The concept of blessing is ancient and found in many cultures. We can learn and appropriate the Jewish tradition of blessing for our own use in modern Western cultural contexts. If we get a blessing from our parents, we can be a source of blessing to others and ourselves. Families that withhold or deny blessings are very hurtful to their children.

Blessing is well documented in the Middle East. In ancient Jewish culture, blessing was part of daily and weekly life. Before children could walk, they received blessings from their parents, on the Sabbath, and other holy days. It was actually the duty of parents to bless their children. It was then the duty of the rabbis to bless the children on Sabbath, feast, and other holy days. A family blessing is important to communicate a sense of identity, meaning, love, and acceptance. Many orthodox Jewish families give their children a weekly blessing by candlelight. They speak special words of love and acceptance for each child.

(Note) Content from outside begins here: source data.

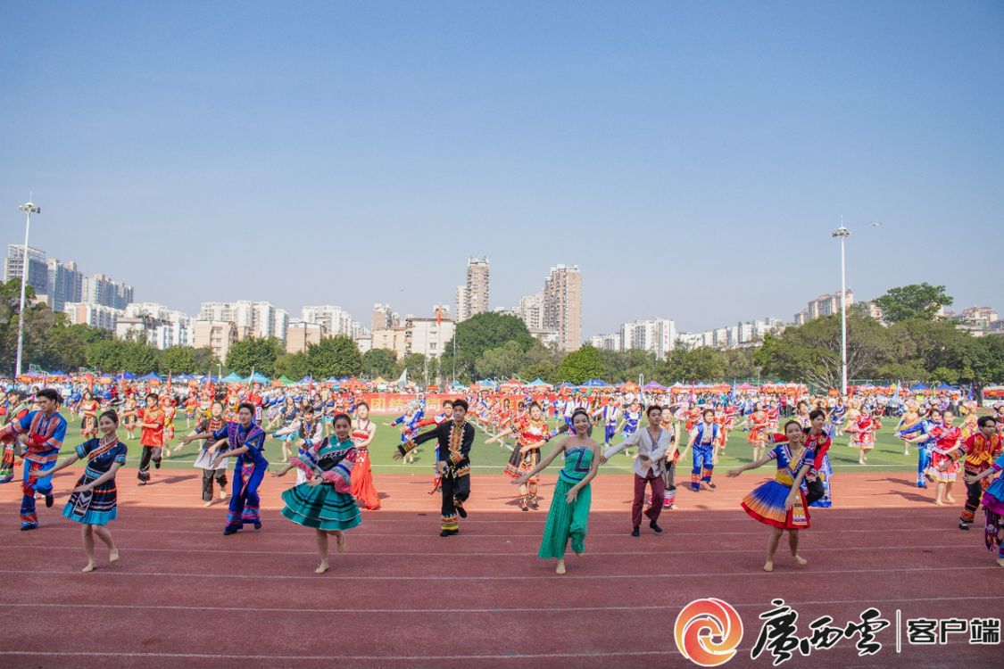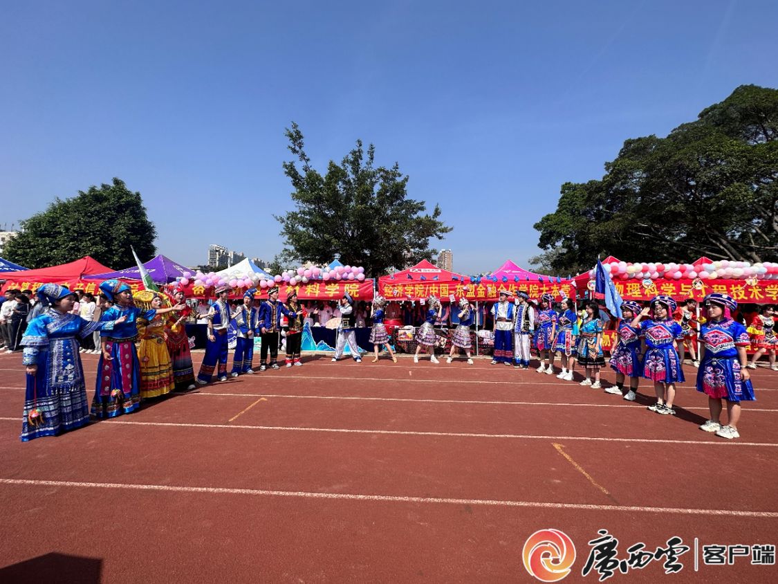 春暖花开时,又逢三月三。4月16日,在八桂人民喜迎“三月三”传统节日之际,共青团beat365正版唯一官网必一委员会在学校体育场举办了第九届“三月三”铸牢中华民族共同体意识民族文化系列活动,来自各学院的2000余名师生共同唱响嘹亮山歌,感受多彩民族风情,同庆民族传统节日。
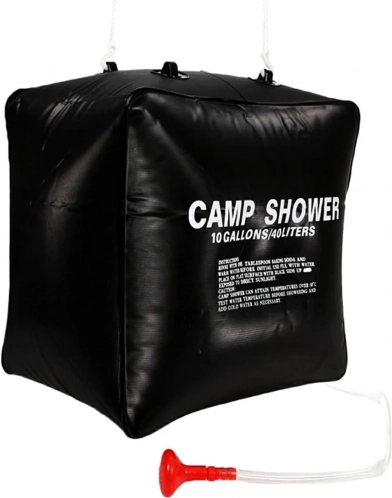 Πρακτικό ηλιακό ντους με χωρητικότητα 40 λίτρων εξασφαλίζει ζεστό νερό σε κάμπινγκ, εκδρομές και στο εξοχικό. Το ανθεκτικό υλικό ζεσταίνει το νερό με τον ήλιο έως 40 °C, το ντους είναι συμπαγές, ελαφρύ και κρεμιέται εύκολα χάρη στο ανθεκτικό σκοινί. Ιδανικό για προσωπική υγιεινή και πλύσιμο σκευών όπου δεν υπάρχει τρεχούμενο νερό.
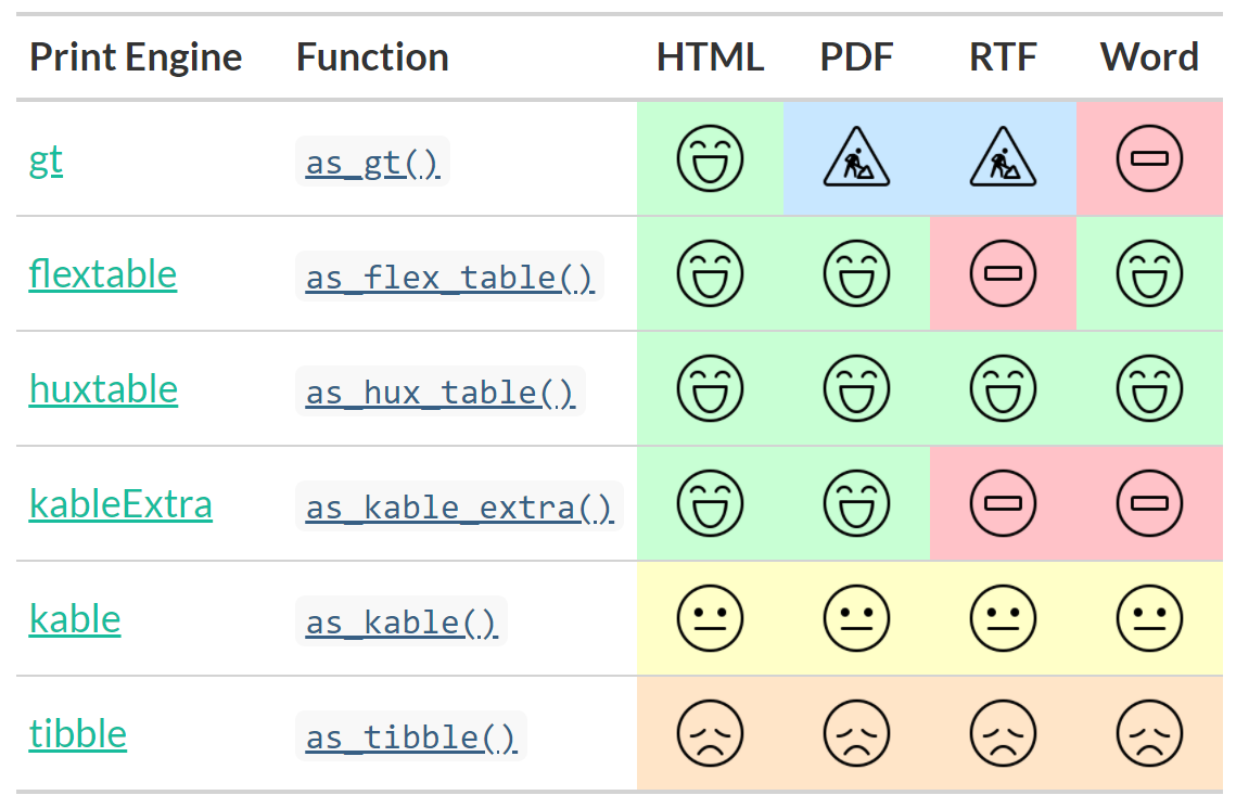 as_gt()function. (Also available:as_flextable(),as_kable_extra()… - Continue formatting as a gt table with any gt function.
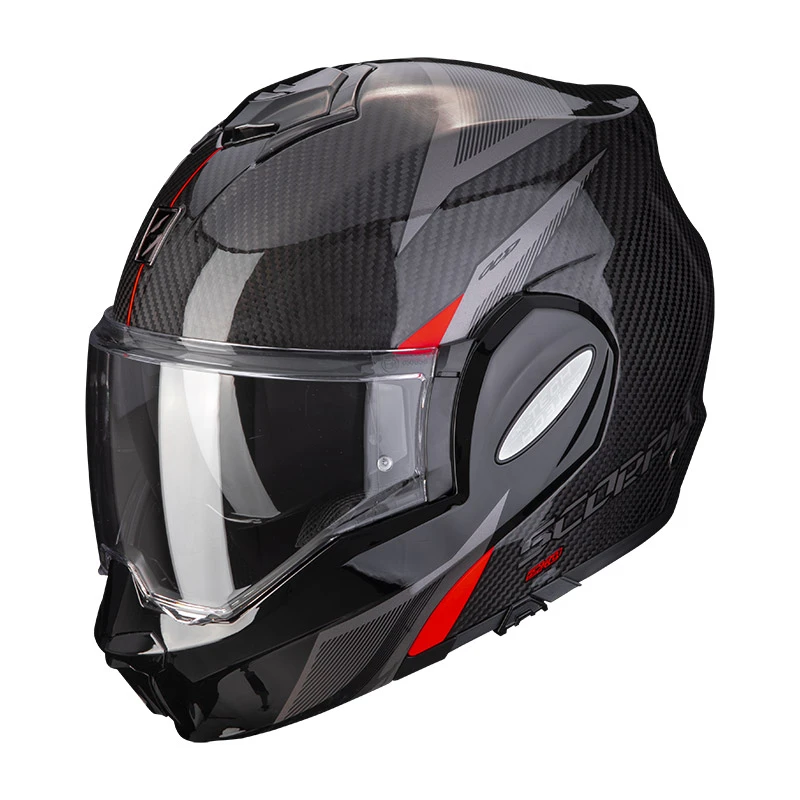 Il modello “180°” di Scorpion viene proposto anche con la calotta in Carbonio. Exo Tech Carbon è la versione leggera con le stesse caratteristiche e peculiarità del modello classico. Piccolo, elegante, con un reale look da casco integrale, il cuore lo stesso con un tocco di nobilità grazie alla trama del carbonio. Exo Tech carbon viene proposto con la predisposizione per l’EXO-COM che si armonizza, perfettamente, con il design del sistema di comunicazione e quello del casco.
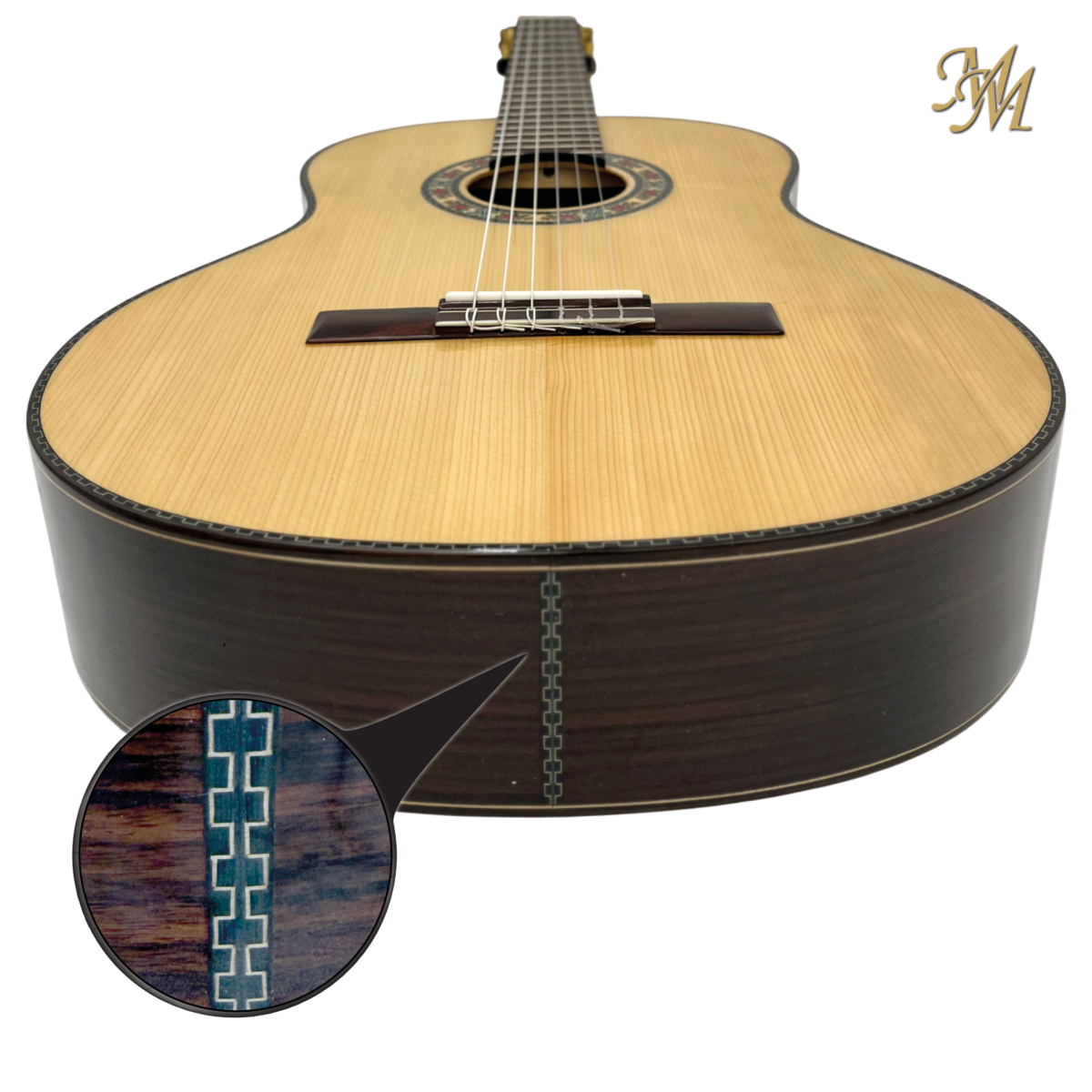 Su roseta elegante y de aire flamenco recuerda a las grandes guitarras. Gracias a su construcción especial, ofrece una tensión equilibrada, acción baja y comodidad, con un sonido profundo, poderoso y lleno de matices, que combina brillo, proyección y calidez propios del palosanto.
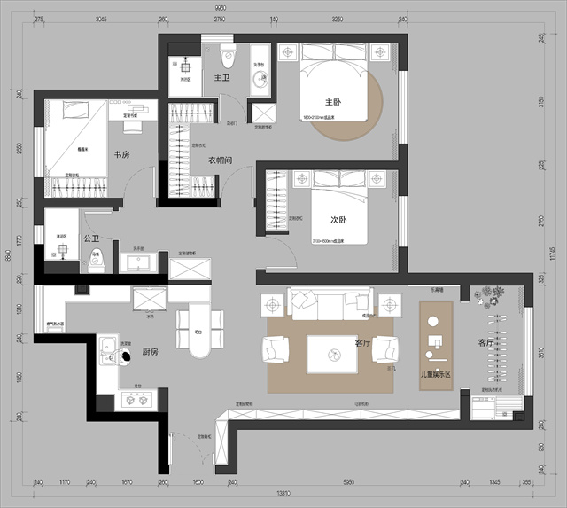 在整體風(fēng)格走向上,加入穩(wěn)重的灰色,不同深淺不同材質(zhì),既有碰撞區(qū)分又協(xié)調(diào)統(tǒng)一,空間感更好。
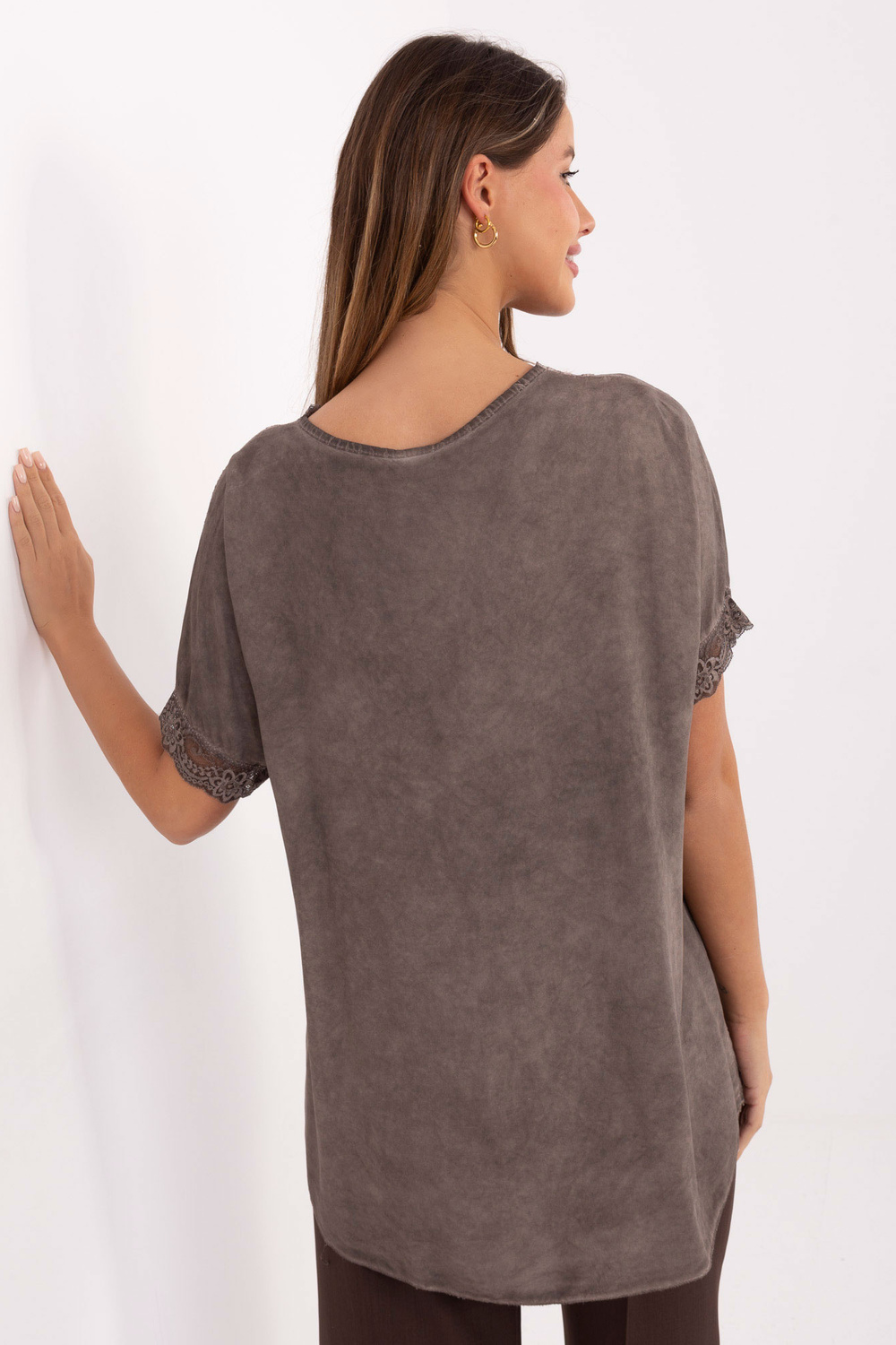 T-särgi mõõdud ühe suurusega, mõõdetud laotatult: laius kaenla alt – 64 cm, kogupikkus – 76 cm, laius puusade juures – 65 cm, varruka pikkus – 29 cm.
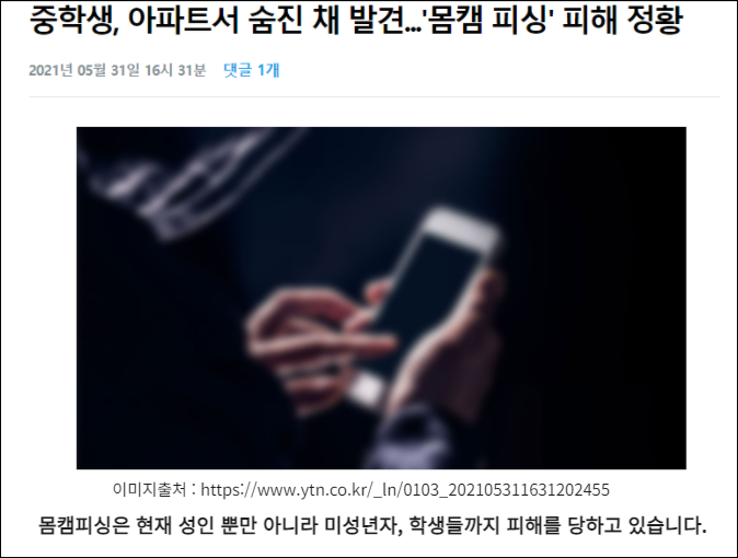 안녕하세요, 어제 TV 프로그램을 보다가 우연히 알게 된 것은 바로 디지털 성범죄의 심각성으로 인해 몸캠피싱 피해자가 급속도로 늘어나고 있다는 것입니다. 물론 디지털 기술이 발전하는 것은 좋은 현상이지만, 이를 악용하는 사람들이 늘어나고 있어 항상 조심하셔야 합니다. 특히 피해자 연령대가 점점 낮아지고 있기 때문이 더욱 위험한데요. 몇 달 전 한 중학생이 몸캠피싱 피해를 이겨내지 못한 채 옥상에서 떨어지는 극단적인 선택을 한 뉴스 기사를 확인하였습니다.
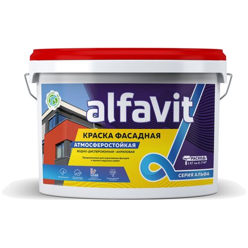 Краска акриловая Alfavit Фасадная супербелая влагостойкая моющаяся 40 кг
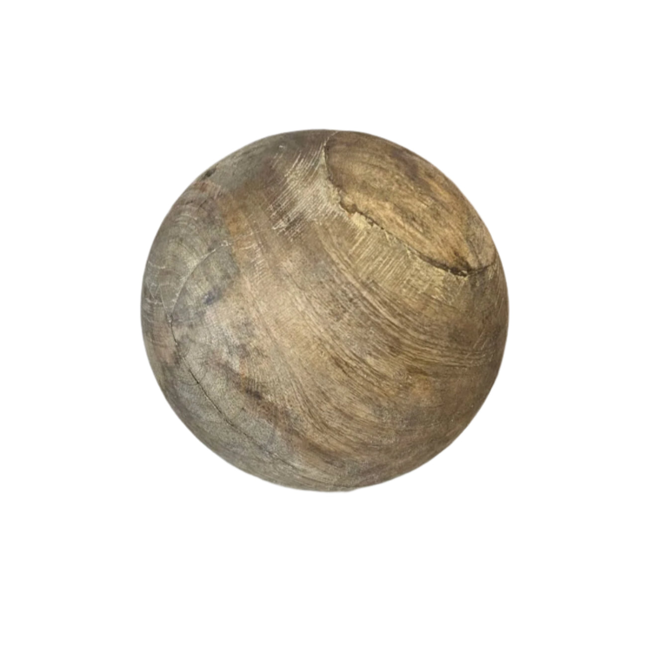 Add some natural charm to your home with Found Objects Wooden Balls. Made from real wood, these funky architectural salvage decor pieces can be used as bowl fillers or shelf decor. Each ball has a diameter of about 6 inches, making them the perfect addition to any space.
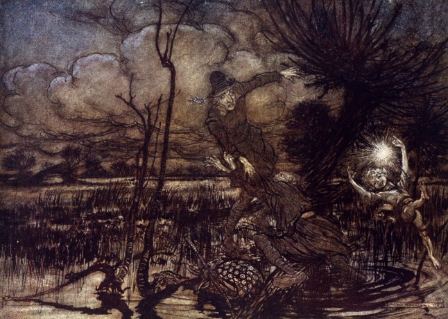A 1911 illustration of a will-o’-the-wisp luring men into danger over a marsh (Picture: Kharbine-Tapabor/Shutterstock)
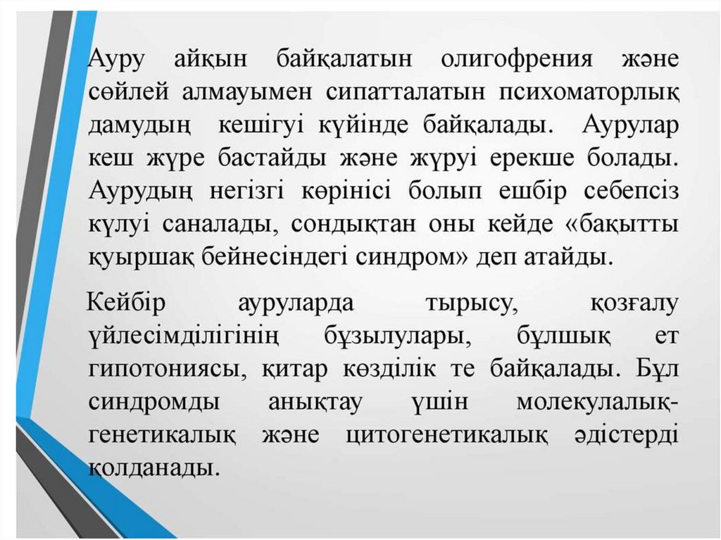 • Этиологиясы, патогенезі – сирек тұқым қуалайтын ауру, оның себебі 15q11-13 хромосома
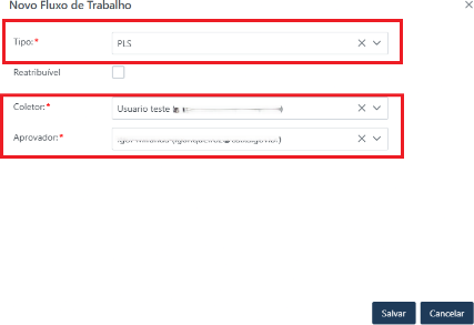 Aprovador | O usuário responsável por aceitar ou rejeitar as informações coletadas |

I have listened to many people over the years when their families reject them. I wonder if parents truly understand the pain caused when a blessing is denied their children. People are denied parental blessing for many reasons. Perhaps a desperate woman had an abortion, or another has taken drugs. Many parents from abusive homes never received a blessing themselves and pass on their destructive behaviors to the next generation. Denied blessing can lead to desperate and destructive behaviors as people look for love in all the wrong places.

The six most healing words in the world are "God bless you" and "I love you." When was the last time we spoke those words to someone in our family? When was the last time we shared these words with friends? Have we denied someone their blessing through our words or actions?

God, even if others may have denied me a blessing, help me bless them. Amen.